Dalam data laporan mengenai keuangan BUMN, setidaknya dalam dua tahun terakhir, beberapa BUMN mengalami kerugian. BUMN rugi yang dimaksud antara lain PT Garuda Indonesia Tbk, PT Aneka Tambang Tbk dan PT Krakatau Steel Tbk.
Garuda Indonesia. Tahun 2012, memperoleh keuntungan Rp 21,55 miliar. Tahun 2013, merugi Rp 125,58 miliar, dan pada semester pertama tahun 2014, Garuda kembali merugi Rp 2,4 triliun. Artinya, dalam setahun Garuda merugi sekitar 1.900 persen. Menurut catatan, hingga September 2014 Garuda membukukan rugi bersih sebesar 219,5 juta dolar AS atau setara dengan Rp 2,63 triliun, anjlok 1.362 persen dibanding rugi bersih periode sama 2013 sebesar Rp180 miliar.
Krakatau Steel. Tahun 2012 mendapat kerugian Rp 112, 79 miliar. Pada tahun 2013, mendapat keuntungan Rp 122,29 miliar. Kemudian, pada semester pertama 2014, merugi Rp 1 triliun. Data tersebut menunjukan Karakatau Steel dalam tempo satu tahun merugi sekitar 900 persen.
Aneka Tambang (Antam). Tahun 2012, Antam memperoleh keuntungan Rp 475,97 miliar. Tahun 2013, keuntungan Rp 373,56 miliar. Namun, pada semester pertama tahun 2014, Antam merugi Rp 638,58 miliar. Artinya Antam merugi sebesar 300 persen dalam setahun.
Kerugian-kerugian yang dialami BUMN tersebut dipengaruhi oleh proses pengelolaan yang tidak baik dari masing-masing direksi BUMN. Inefisiensi dan korupsi disebut menjadi salah satu penyebab utama kerugian.
Selain harus memperoleh direksi BUMN yang kredibel, BUMN bukan hanya perlu dipimpim oleh seorang profesional, tetapi entrepreneur profesional. Seorang profesional biasanya bermain di area pencapaian terbaik yang dapat dicapai. Sementara seorang entrepreneur bermainnya di resiko terburuk yang masih dapat ditanggung.

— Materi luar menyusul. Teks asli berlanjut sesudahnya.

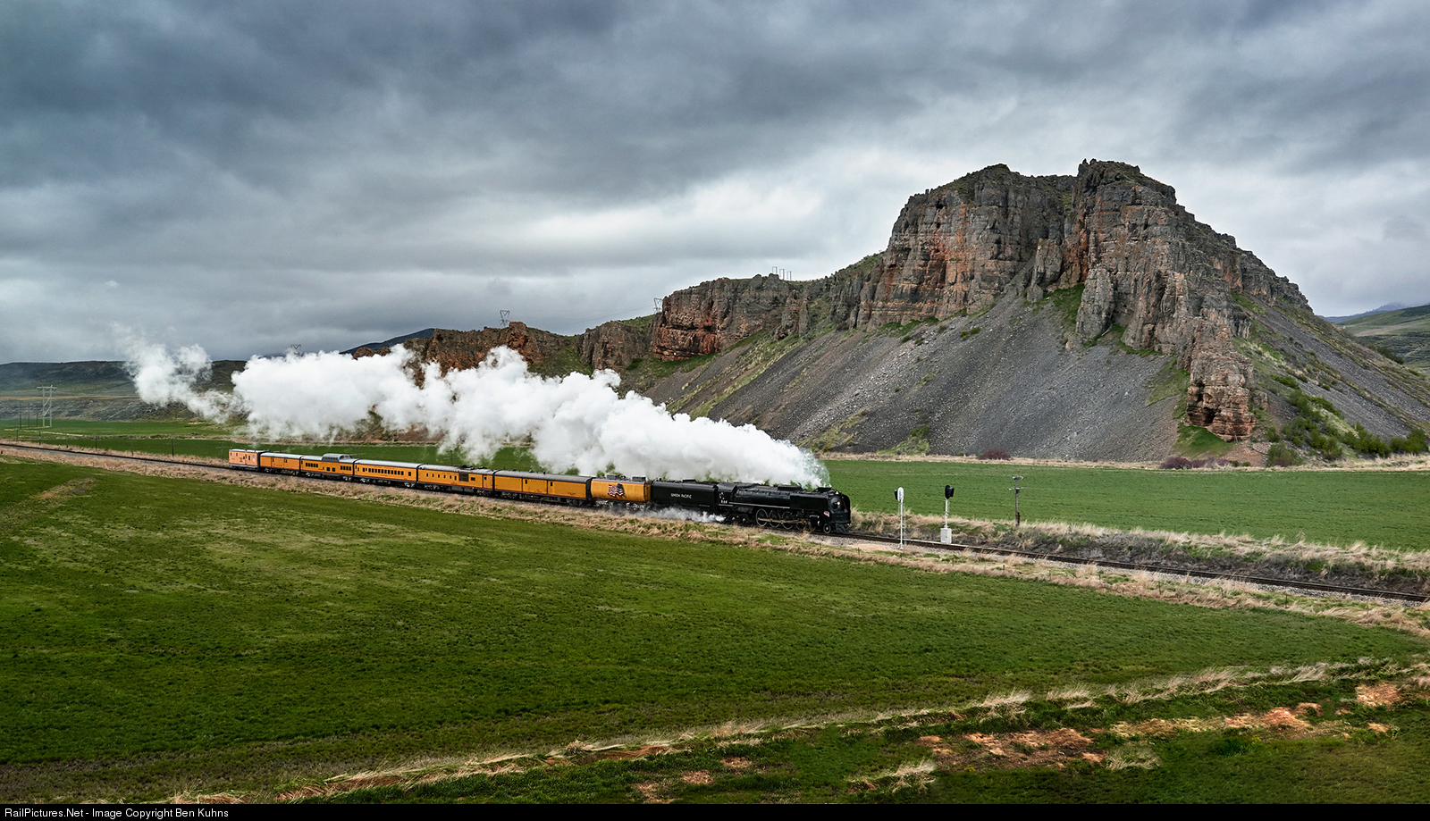 | UP 844 opens the taps with plenty of straight track to get into a groove. This "Northern" class locomotive was built in 1944 and has never been retired from active service. Her top speed is in excess of 100mph and despite her age she remains very capable.

Itu sebabnya mengapa tidak mudah bagi seorang profesional berubah menjadi seorang entrepreneur demikian sebaliknya.
Seorang senior saya yang memiliki karir cemerlang sebagai profesional, pernah mencoba beralih menjadi seorang entrepreneur disaat mencapai puncak karir terbaiknya sebagai seorang direktur, namun tidak bertahan lama dan sekarang kembali menjadi seorang profesional.
Demikian pula dengan seorang Tanri Abeng, bintangnya benar benar bersinar saat sebagai seorang profesional, namun biasa biasa saja, saat pindah jalur sebagai wiraswastawan. Banyak CEO CEO besar yang harus tunduk pada persaingan ketika menjadi seorang entrepreneur.
Walau demikian antara seorang profesional dan entrepreneur memiliki persamaan dalam hal kemampuan “mengendalikan diri” dalam bekerja dibawah tekanan.